Il culto di Santa Maria Goretti resta tutt’oggi molto sentito. I luoghi della sua infanzia sono meta di pellegrinaggio da parte di devoti provenienti da tutta Italia e dall’estero. Uno di questi è la sua piccola casa natale che sorge poco distante dal centro storico di Corinaldo. Una costruzione in mattoni su due livelli, che conserva alcuni mobili originali della famiglia Goretti. A lei è dedicato anche il santuario che prende il suo nome all’interno della chiesa di San Nicolò, comunemente detta di Sant’Agostino, che conserva le spoglie mortali della mamma Assunta deceduta a Corinaldo nel 1954 e quelle del pentito Alessandro Serenelli. Nell’altare centrale, vicino ad una scultura lignea di Santa Maria Goretti, è posizionata un’urna in argento contenente l’osso del braccio della Santa, braccio con il quale la bambina tentò di difendersi dal suo aggressore. A destra dell’ingresso, nella chiesa parrocchiale di San Francesco, è presente un piccolo monumento in marmo bianco di Carrara dedicato a Santa Maria Goretti. Nel battistero, sotto una vetrata rotonda, è posto il fonte battesimale in cui la Santa fu battezzata il 17 ottobre 1890.

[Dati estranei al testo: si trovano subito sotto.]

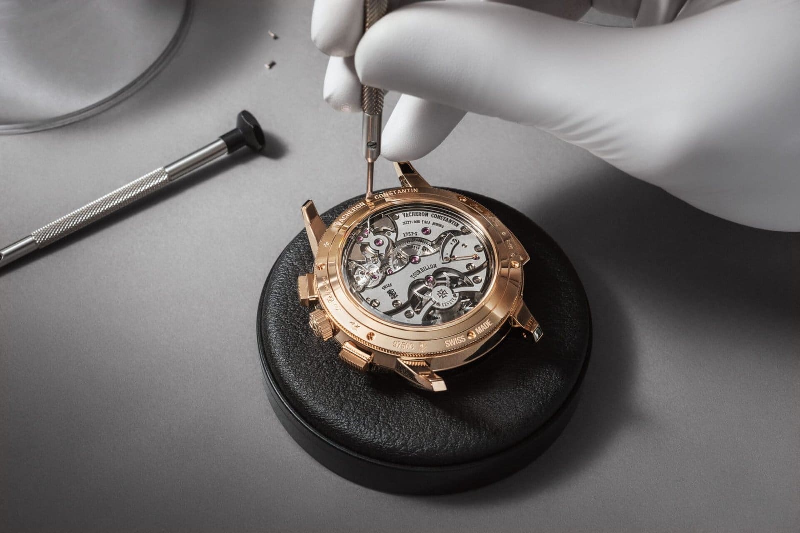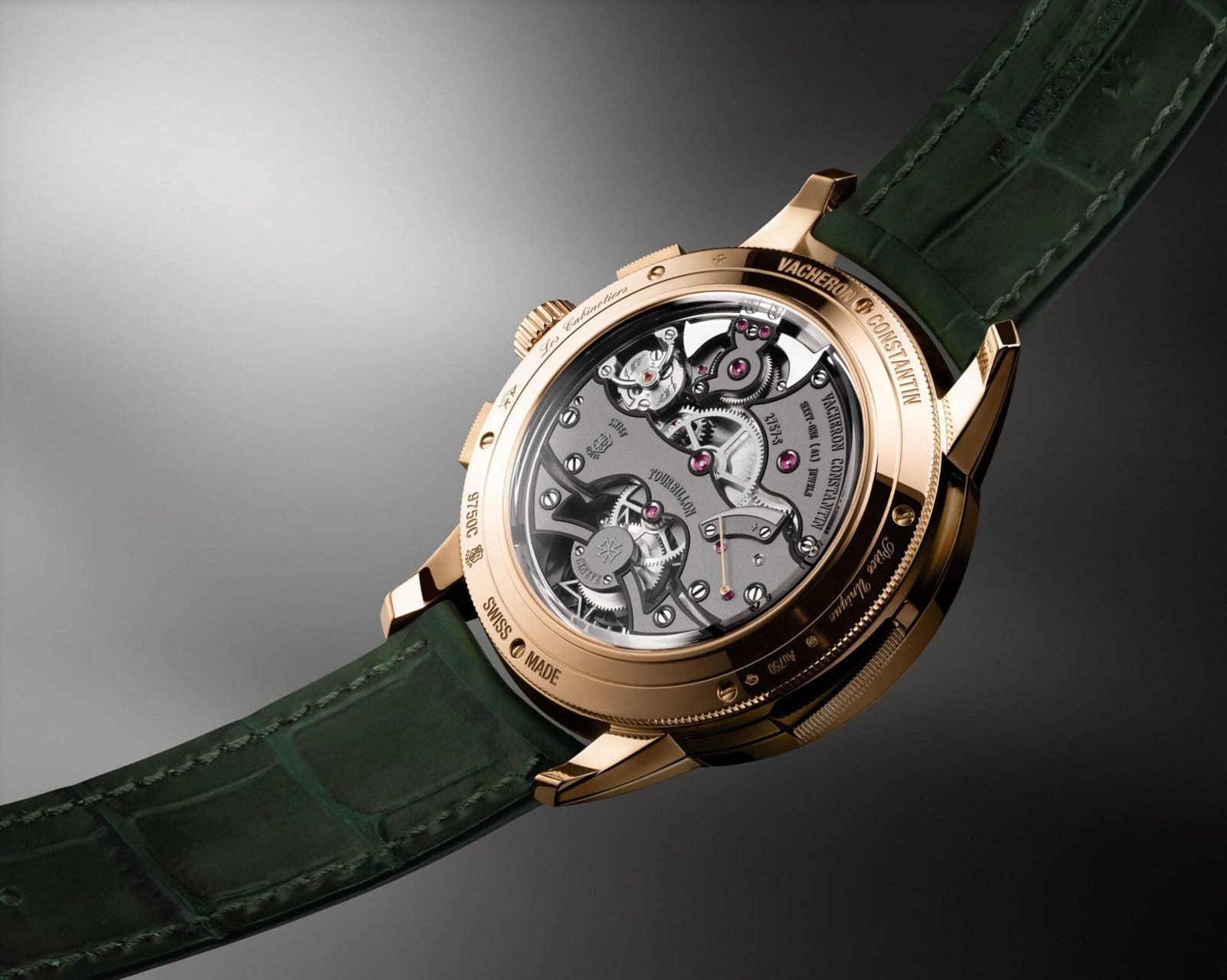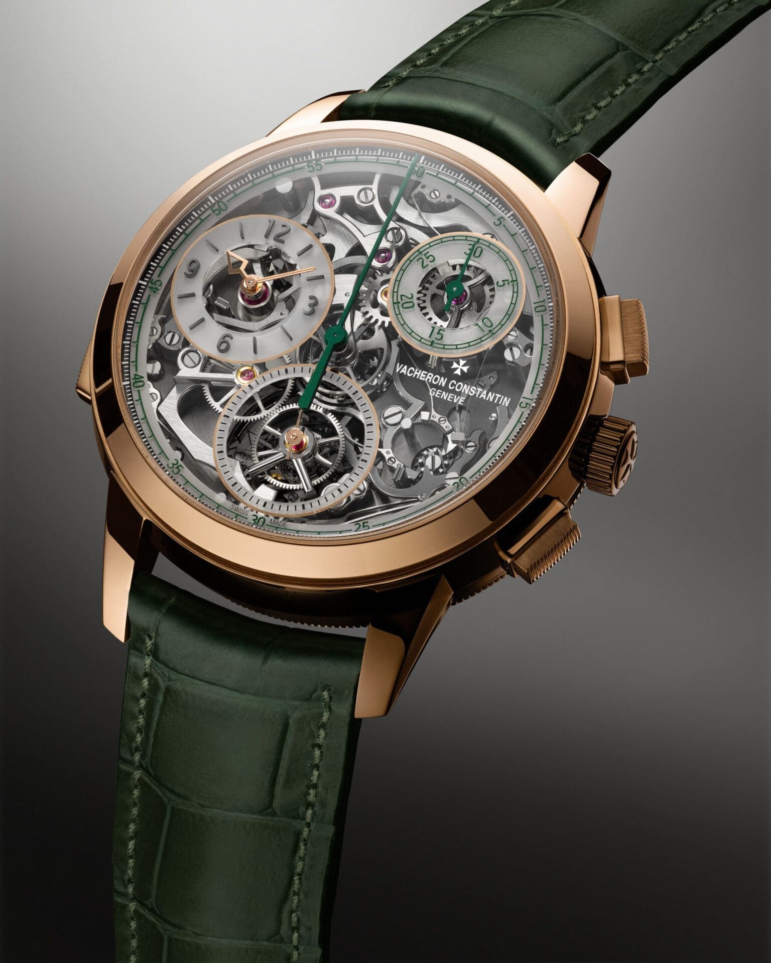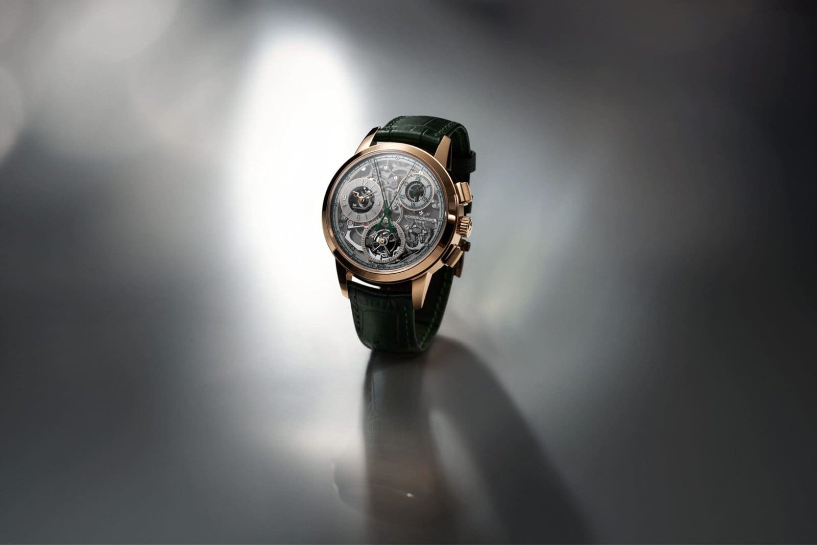 Aesthetically, the watch is a study in contrasts and finishes. The transparent sapphire dial, a mere 0.5mm thick, blends metallisation, NAC treatments, inked engravings, and PVD-coated olive green hands—matched seamlessly with a green alligator strap. Through the front and caseback, the eye is treated to a visual opera of hand-finished movement components: grained, satin-brushed, chamfered, bead-blasted, and polished to perfection. Even the flyweights of the striking mechanism are adorned with the engraved initials “JMV,” in homage to the Maison’s founder, Jean-Marc Vacheron.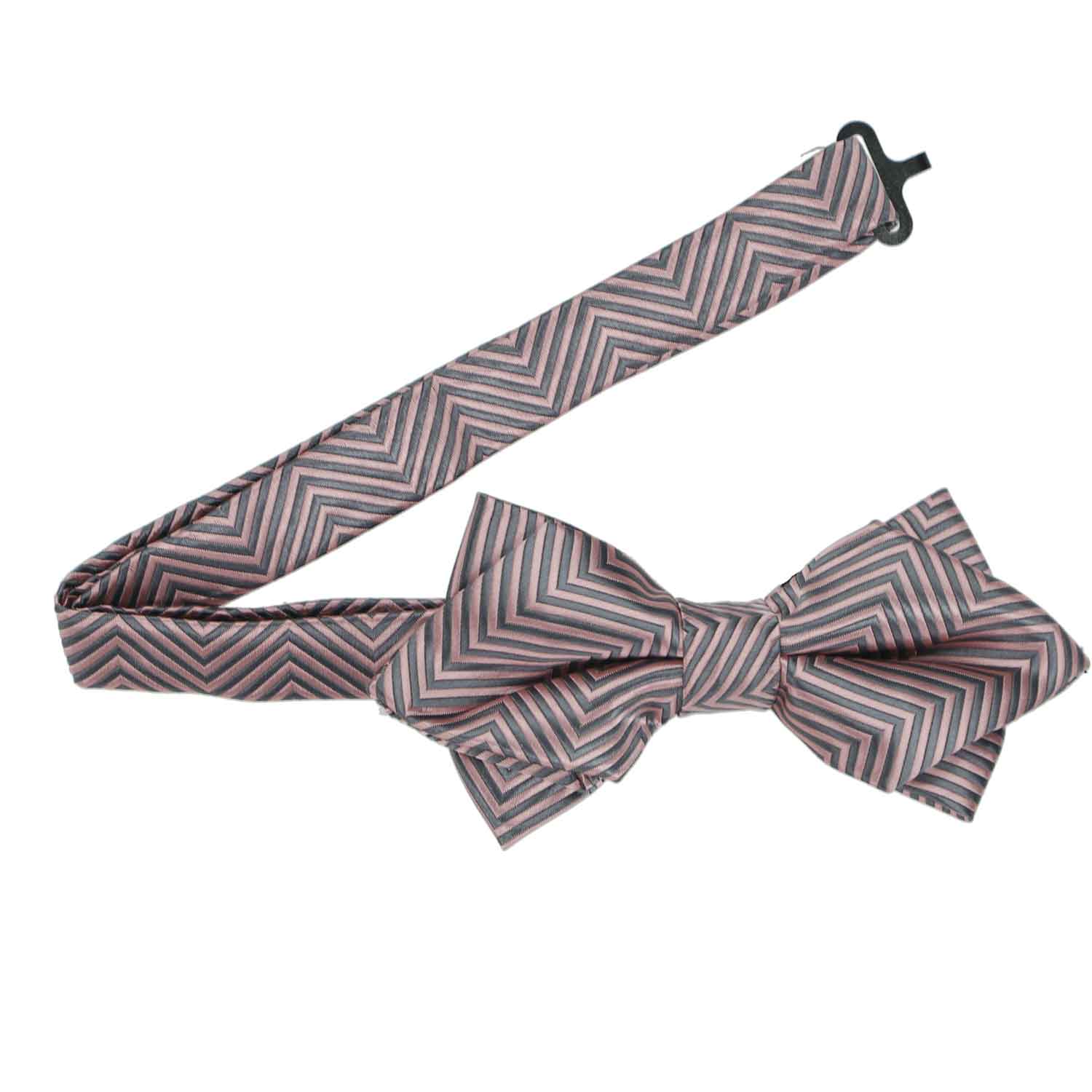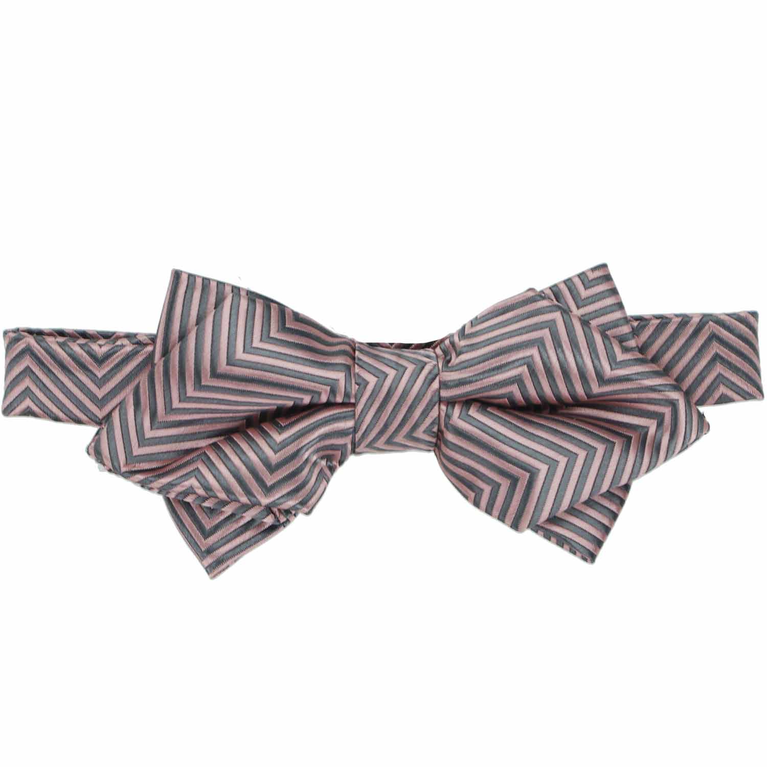 Try something new with this elegant soft pink chevron pattern diamond tip bow tie. The textured design adds depth and sophistication to the subtle color palette, making it a versatile accessory for both casual and formal occasions. Pair it with slacks and a button-down shirt for a relaxed office style, or elevate your look with a charcoal gray suit for a polished, refined appearance. For a stylish finish, complete the ensemble with the matching pocket square, adding an extra touch of color and flair to your outfit.

Ripercorrendo la vita di Maria Goretti, le molteplici interpretazioni sulla sua vita, sulla sua morte, sulle sue ultime parole prima di morire (“io perdono tutti”), sull’uso della sua figura utilizzata dai cattolici, dal fascismo, dai comunisti, non possiamo con certezza stabilire quale sia la versione meno fantasiosa e che quindi si avvicina di più alla realtà dei fatti, alla vita della bambina. Possiamo però giungere ad una riflessione: la figura di Maria Goretti, la bambina uccisa perché rifiutò una violenza sessuale, è sicuramente un simbolo forte e potente, e che per questo è stata utilizzata, per i propri fini, sia da una parte, sia dall’altra. Inoltre, la storia di Maria, nonostante gli anni trascorsi, le migliorate condizioni sociali e culturali, è la storia che sentiamo ogni giorno al telegiornale e che leggiamo sui quotidiani. E la storia di un “no” che non viene accettato. È una storia che continua a ripetersi. È una storia dove predominano l’ignoranza, il senso del possesso, la violenza, che ci suggerisce che ancora molta strada c’è da fare perché fatti del genere non si ripetano più.